O documento lembra que a pressão sobre as instituições bancárias, carentes de um maior nível de liquidez, “aumenta necessariamente o risco de abrandamento dos procedimentos de identificação, indispensáveis para apurar a ilegalidade e legitimidade dos fundos aplicados por clientes/investidores”.

E até as medidas dos bancos para desalavancar o balanço e reforçar a solidez resultam num aumento dos riscos. Uma política de concessão de crédito bancário fortemente restritiva empurra os agentes económicos para modelos de financiamento alternativos, “utilizando critérios porventura menos exigentes e mais vulneráveis à entrada de capitais de origem ilícita”.

Esta foi a primeira avaliação nacional dos riscos (ANR) de branqueamento de capitais e de financiamento do terrorismo desenvolvida para responder a uma recomendação do Grupo de Ação Financeira (GAFI) já de 2012, segundo a qual os países devem identificar e avaliar os riscos a que estão expostos e prever medidas para os atenuar.

O relatório síntese de julho de 2015 foi o último documento oficial divulgado no site do portal do XX Governo, da coligação PSD-CDS. E propõe alterações legislativas, designadamente ao nível do código penal em que defende que o alargamento dos crimes subjacentes ao branqueamento de capital a todos que tenham uma prisão de duração mínima superior a seis meses ou de duração máxima superior a um ano.

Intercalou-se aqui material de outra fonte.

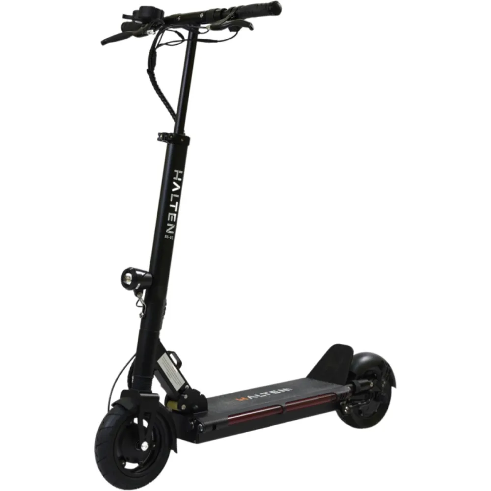 Электросамокат Halten RS-01 оснащен аккумулятором 15 Ah, этого заряда хватает на 35 км пути. Транспорт имеет яркую фару впереди, стоп-сигнал на заднем крыле. Бортовой компьютер позволит контролировать основные показатели, уровень заряда батареи. Складная конструкция уменьшает в сложенном состоянии габариты в два раза. Ручки руля тоже складываются. Его не сложно транспортировать, поместиться в багажник автомобиля, весит электросамокат 16 кг, не трудно переносить в руках.

Restrições à circulação de dinheiro e títulos ao portador

É ainda proposta a restrição da circulação de numerário, bem como o uso de títulos financeiros ao portador. Recomenda-se, igualmente, a avaliação de eventuais medidas legislativas para reduzir os riscos associados a organizações sem fins lucrativos, como associações, fundações e cooperativas.

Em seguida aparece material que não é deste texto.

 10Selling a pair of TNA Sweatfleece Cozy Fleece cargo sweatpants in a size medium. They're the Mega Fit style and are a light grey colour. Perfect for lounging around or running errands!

As organizações sem fins lucrativos são outra das vulnerabilidades evidenciadas no relatório, uma vez que são instituições que não estão sujeitas a obrigações em matéria de prevenção e controlo do branqueamento de capitais. Não obstante, representam um factor de risco devido à sua eventual utilização abusiva para fins de branqueamento, e sobretudo, de financiamento do terrorismo.

Nessa medida, sugere-se a introdução de regras de identificação obrigatória de doadores e beneficiários, bem como de conservação de documentos e de garantia de idoneidade dos seus responsáveis.

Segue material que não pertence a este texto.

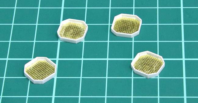 これに、先ほどのフライホークの滑り止めパターンを接着します。少し大きめに切り出したエッチングを貼り、プラ製ベースに合わせてトリミングしていくと上手くいきます。
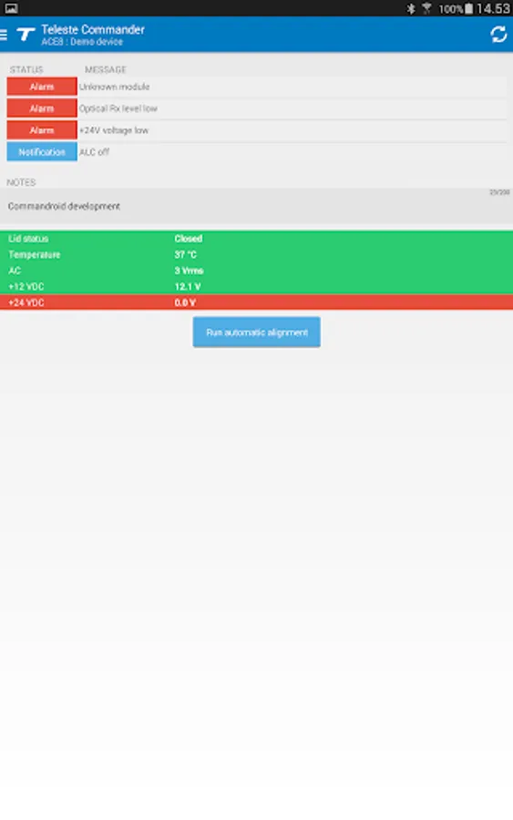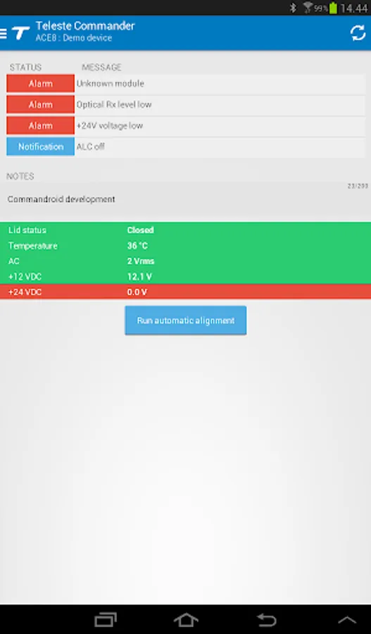 Teleste Commander is a service terminal application for Android smartphones and tablets. It is the answer to our customers’ wishes for improved usability and local management via a personal mobile device. Teleste Commander supports wireless connectivity over AC6901 BT adapter. USB cable connection is also supported but depends on Android device hardware.
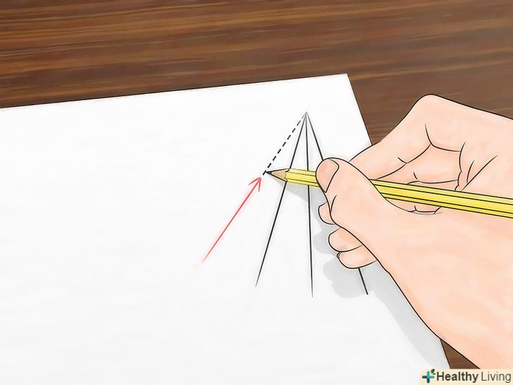 Візьміть олівець і намалюйте загинається вниз лінію, починаючи приблизно сантиметрах в п'яти від правого кута і закінчуючи п'ятьма сантиметрами вниз від кута. Візьміть олівець і намалюйте загинається вниз лінію, починаючи приблизно сантиметрах в п'яти від правого кута і закінчуючи п'ятьма сантиметрами вниз від кута.

Corrupção por trás de apenas 3% das suspeitas comunicadas

Fora do setor financeiro, as atividades imobiliárias e o comércio de bens de alto valor unitário (carros, jóias, barcos), estão, também, no radar dos riscos de lavagem de dinheiro por permitirem pagamentos em numerário, bem como o jogo online.

A criminalidade informática (burla) é uma ameaça de risco médio, que tem vindo a intensificar-se com o aumento significativo dos crimes neste meio.

O principal crime por trás dos processos de branqueamento de capitais investigados em Portugal é a fraude e burla fiscal, que apresentam um risco alto e são responsáveis por 60% das comunicações de operações suspeitas que foram entretanto confirmadas em 2012 e 2013.

Apesar de a corrupção ser um crime típico subjacente ao branqueamento de capitais, apenas 3% das comunicações confirmadas apresentam alguma relação com este crime. Na sequência dos alertas, houve em 2013 dois casos de fundos de antigos funcionários estrangeiros bloqueados por suspeitas de corrupção.

As operações de maior risco em matéria de branqueamento de capitais:

  • Operações em numerário, sobretudo quando realizadas em instituições de pagamento;
  • Carrossel do IVA no domínio da fraude fiscal;
  • Utilização de contas de particulares para passagens de dinheiro;
  • Utilização da banca eletrónica;
  • Contas abertas por não residentes, sobretudo em zonas fronteiriças;
  • Contas abertas em representação de clientes na Zona Franca da Madeira;
  • Utilização de sucursais de instituições de crédito em centros offshore.